Fumagalli Simona, Antolini Laura, Nespoli Antonella, Panzeri Maria, Terenghi Teresa, Ferrini Simona, Spandrio Roberta, Maini Isabella Marzia, Locatelli Anna, Ornaghi Sara
University of Milan-Bicocca, School of Medicine and Surgery, Monza, Italy.
Unit of Obstetrics, Foundation IRCCS San Gerardo dei Tintori, Monza, Italy.
Eur J Midwifery. 2024 Oct 18;8. doi: 10.18332/ejm/191511. eCollection 2024.
Spinning Babies® procedures and the Rebozo technique have been recently implemented as additional interventions in laboring women with a fetus in occiput posterior position (OPP) to favor the rotation to an anterior position, which improve birth experience and health outcomes. Our study aimed to compare the probability of occurrence of persistent OPP (POPP) of the fetal head at the second stage of labor between retrospective and prospective cohorts and to assess associated sociodemographic, obstetric and intrapartum factors.
We conducted a combined prospective and retrospective cohort study including 1500 women giving birth in 2017 (retrospective cohort) and 779 between 15 May and 15 December 2023 (prospective cohort). Each cohort was divided into two sub-cohorts depending on presence of OPP. Primary outcomes were compared the probability of occurrence of POPP in the two OPP sub-cohorts by a log binomial regression and logistic regression. A p<0.05 was considered statistically significant. Data analysis was performed using Stata/MP18.0.
The proportion of OPP at the onset of labor was similar between the two cohorts (34.9% vs 35.1%). The probability of occurrence of POPP was significantly lower in the prospective OPP sub-cohort (27.7%, n=65/235) compared to the retrospective OPP sub-cohort (35.8%, n=154/430) (risk difference, RD= -0.081; 95% CI: -0.15 - -0.008; p=0.031). In the retrospective OPP sub-cohort, maternal age ≥35 years (RD=0.096; 95% CI: 0.001-0.190, p=0.044) and nulliparity (RD= -0.100; 95% CI: -0.190 - -0.001, p=0.036) were significantly associated with the probability of POPP.
Our findings suggest a potential benefit of a set of interventions combining Spinning Babies® and the Rebozo technique in decreasing the probability of POPP.

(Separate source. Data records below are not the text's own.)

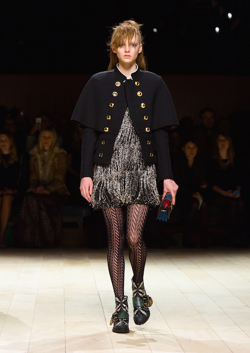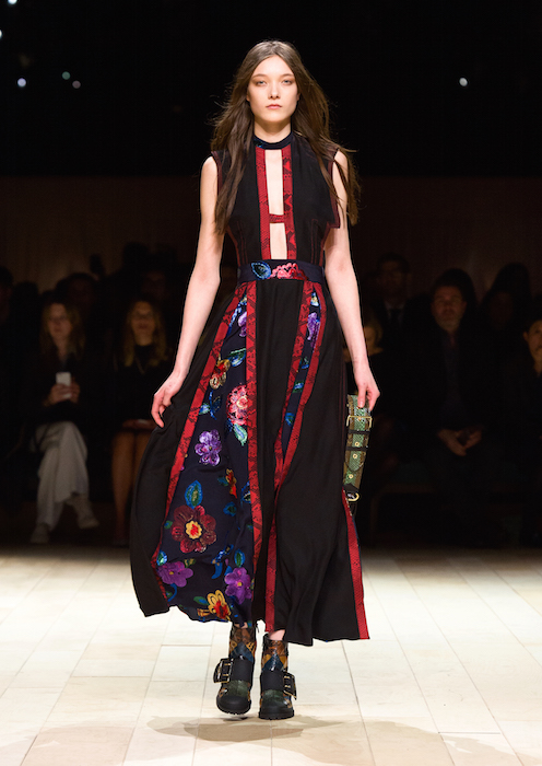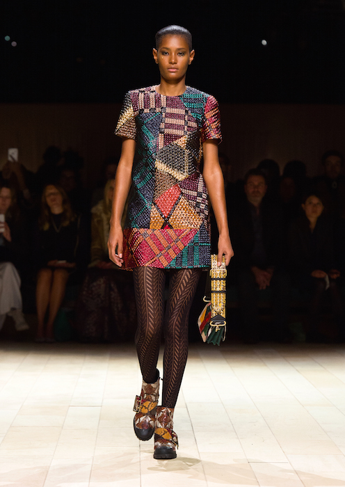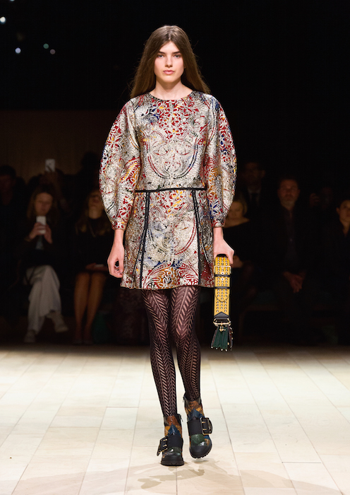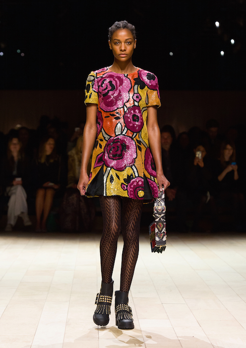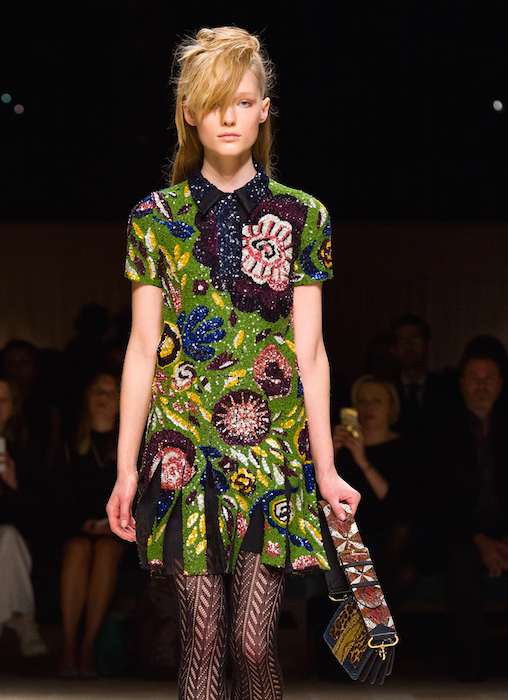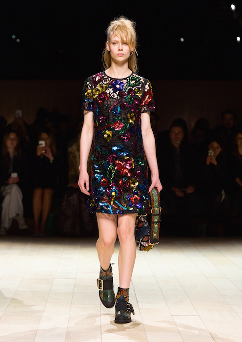 A quick glimpse at the London Fashion Week runway at Burberry womenswear fw16 LFW. Sequined, floral, textured and sassy for the season. the “A PATCHWORK” womenswear collection features a mix of patterns and textures influenced by British artists, musicians and history.
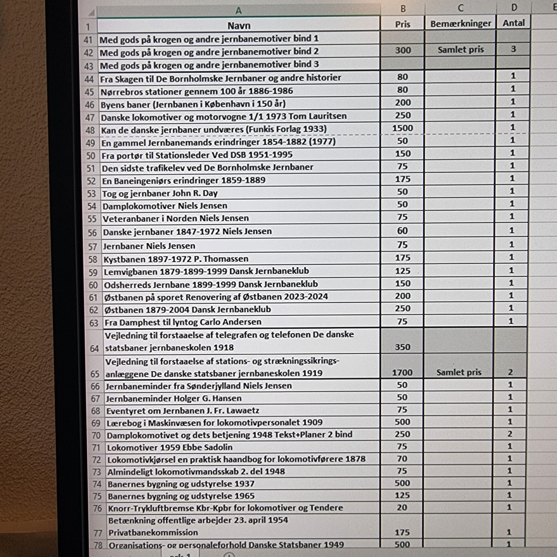 Liste over danske jernbanebøger og fortællinger. Unikke eksemplarer iblandt. Foto af bøger kan naturligvis fremsendes.
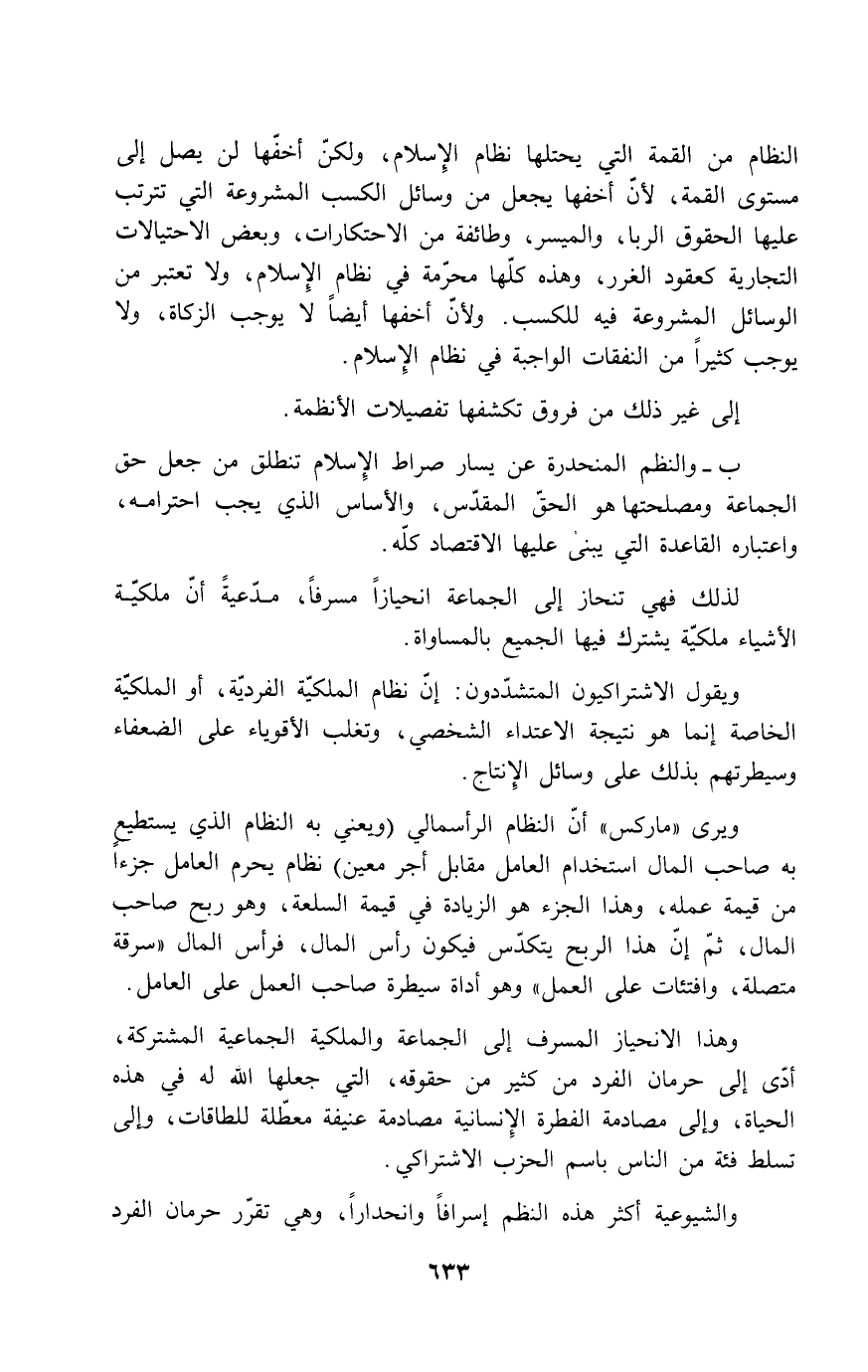 ب- والنظم المنحدرة عن يسار صراط الإسلام تنطلق من جعل حق الجماعة ومصلحتها هو الحق المقدس، والأساس الذي يجب احترامه، واعتباره القاعدة التي يبنى عليها الاقتصاد كله.
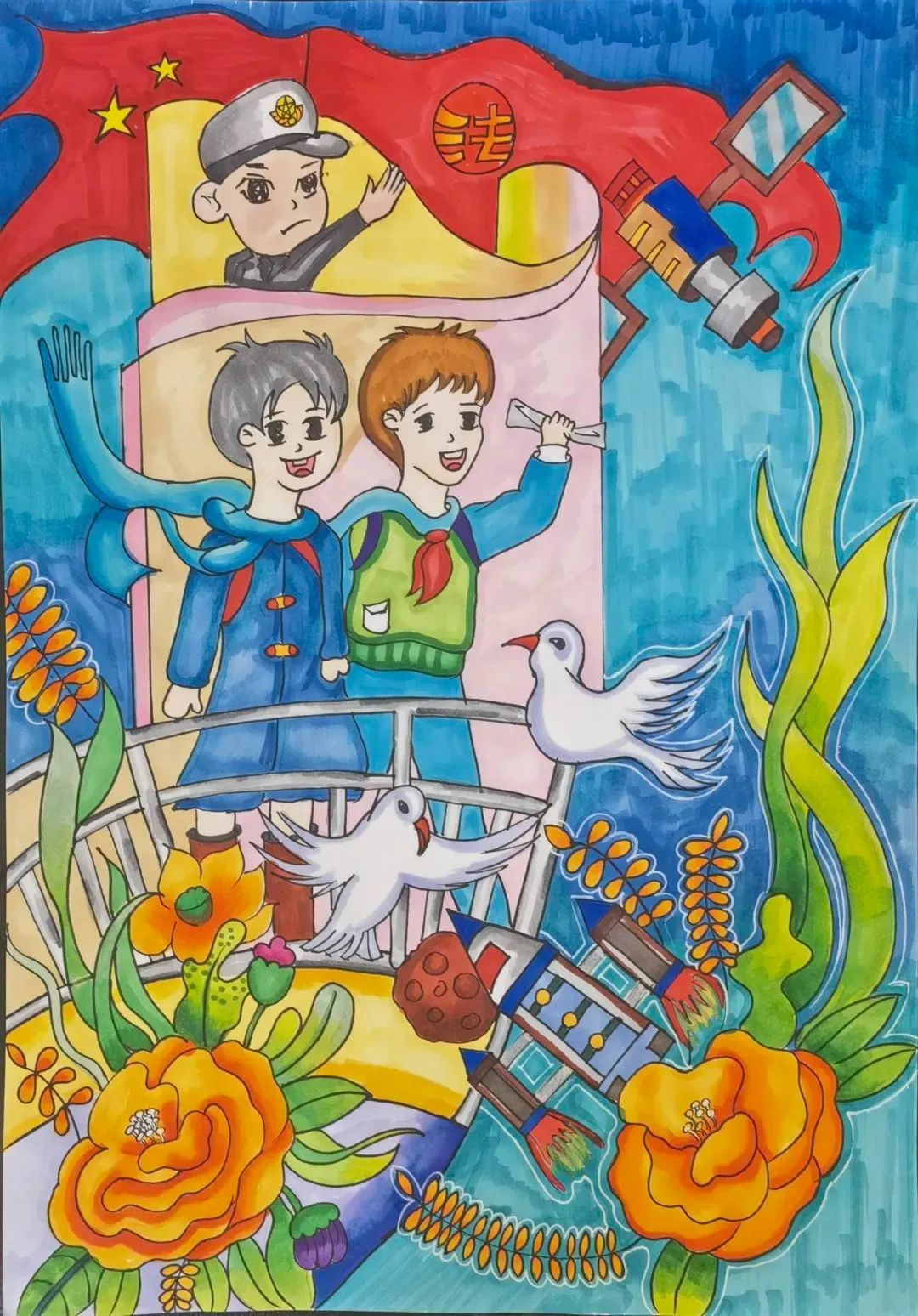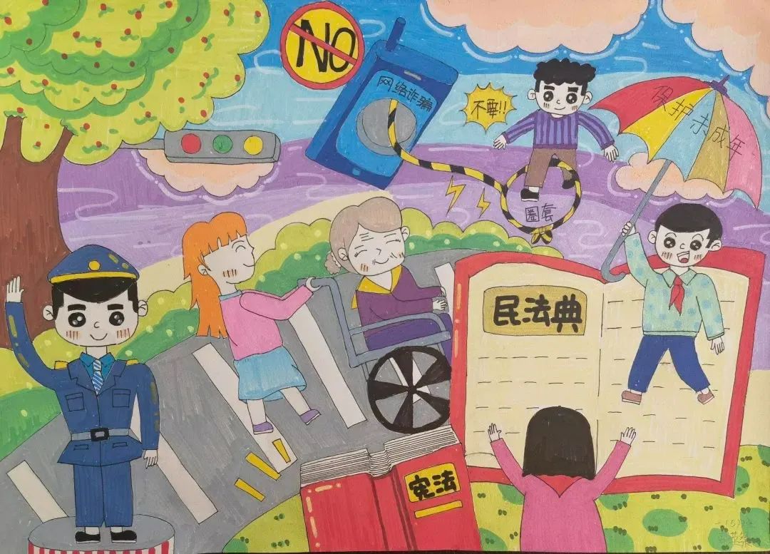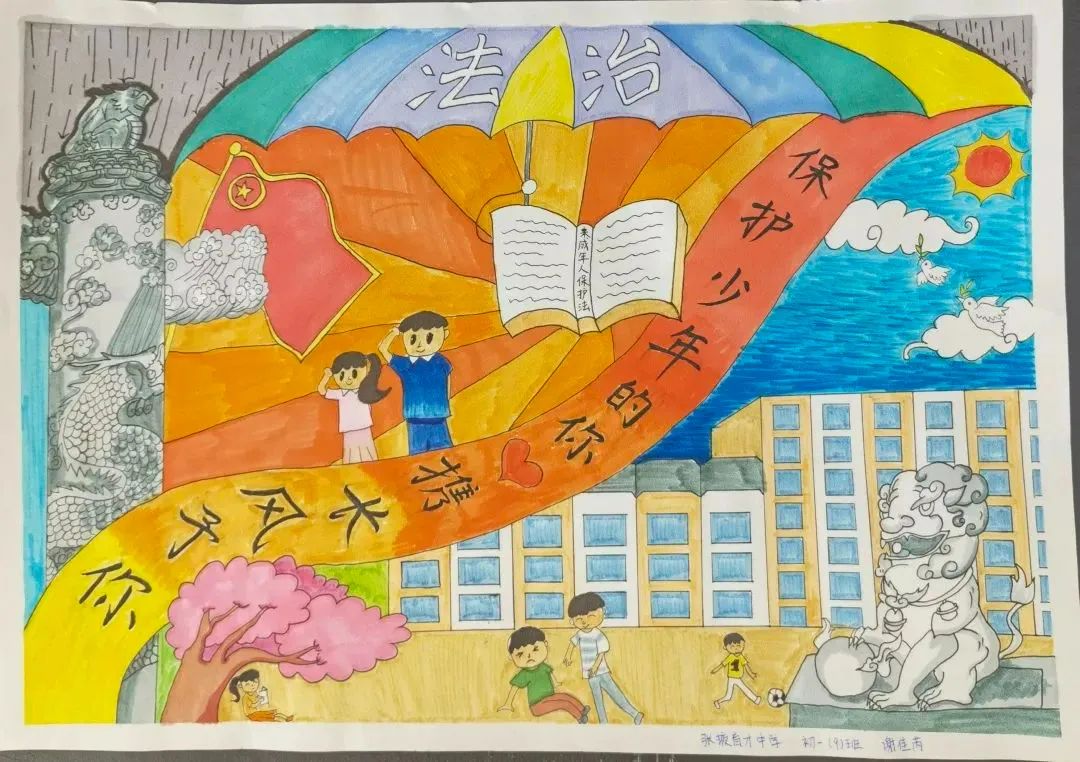 今天,我们看到孩子们用手中的画笔,记录着颗颗“法治种子”开花、结果的美好历程。

最近,“旋转宝宝”程序和腹带技术已被用作对枕后位(OPP)胎儿的分娩妇女的额外干预措施,以促进胎儿旋转至前位,从而改善分娩体验和健康结局。我们的研究旨在比较回顾性队列和前瞻性队列中第二产程时胎儿头部持续性枕后位(POPP)的发生概率,并评估相关的社会人口统计学、产科和产时因素。
我们进行了一项前瞻性和回顾性队列联合研究,包括2017年分娩的1500名妇女(回顾性队列)和2023年5月15日至12月15日期间的779名妇女(前瞻性队列)。根据是否存在枕后位,每个队列又分为两个亚队列。通过对数二项回归和逻辑回归比较两个枕后位亚队列中POPP的发生概率。p<0.05被认为具有统计学意义。使用Stata/MP18.0进行数据分析。
两个队列中分娩开始时枕后位的比例相似(34.9%对35.1%)。与回顾性枕后位亚队列(35.8%,n=154/430)相比,前瞻性枕后位亚队列(27.7%,n=65/235)中POPP的发生概率显著更低(风险差异,RD=-0.081;95%置信区间:-0.15--0.008;p=0.031)。在回顾性枕后位亚队列中,产妇年龄≥35岁(RD=0.096;95%置信区间:0.001-0.190,p=0.044)和初产(RD=-0.100;95%置信区间:-0.190--0.001,p=0.036)与POPP的发生概率显著相关。
我们的研究结果表明,一组结合“旋转宝宝”和腹带技术的干预措施在降低POPP发生概率方面可能具有益处。